Evaluating hindlimb lameness in juvenile dogs
Part 1 in this series discussed the common causes of forelimb lameness in juvenile dogs. Here I focus on the most common differential diagnoses for hindlimb lameness.
The clinical signs of tarsal OCD include lameness, joint effusion, medial thickening, crepitus, hyperextension with decreased flexion of the tarsocrural joint and pain on palpation.
Treatment includes débridement of the free osteochondral fragment and underlying subchondral bone via an open arthrotomy. The joint space of the talocrural joint is generally too small even in large dogs to allow arthroscopic treatment.
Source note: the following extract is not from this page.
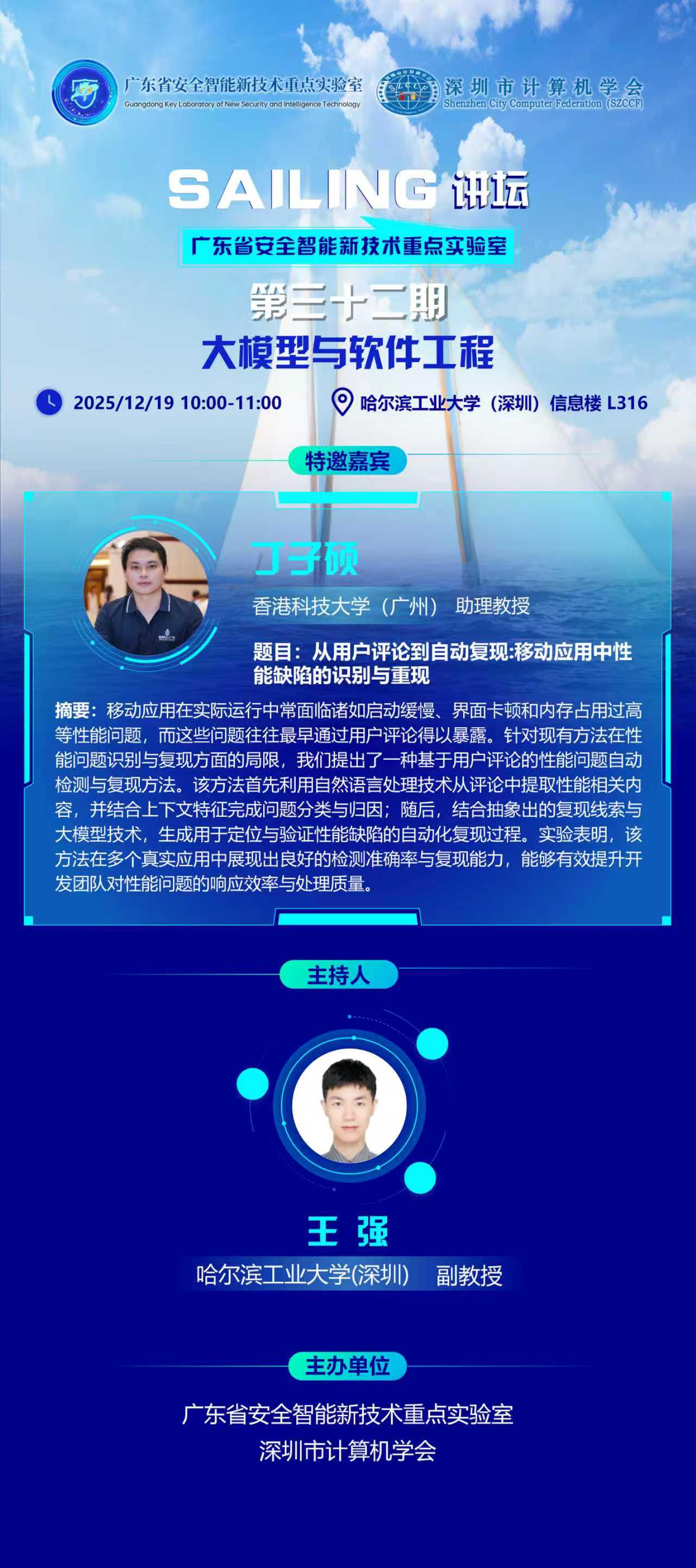 SAILING讲坛第三十二期【大模型与软件工程】将于2025年12月19日上午10:00-11:00在哈尔滨工业大学(深圳)信息楼L316举办。本期将有特邀嘉宾香港科技大学(广州)助理教授丁子硕为我们做前沿的技术分享。

OCD can also affect the stifle joint, with radiographic changes noted as a flattening or divot on the medial aspect of the lateral femoral condyle (Photo 2). (Caution: Don't confuse the fossa of the long digital extensor tendon for an OCD lesion.) Often, disruption of the patellar fat pad by effusion is also noted.
Stifle OCD results in lameness, a crouched stance, muscle atrophy, joint effusion, discomfort and, sometimes, an audible click with range of motion. These stifles are stable.
Treatment is the same as noted previously for OCD. After surgical treatment, dogs will improve clinically; however, they will have arthritic changes over time.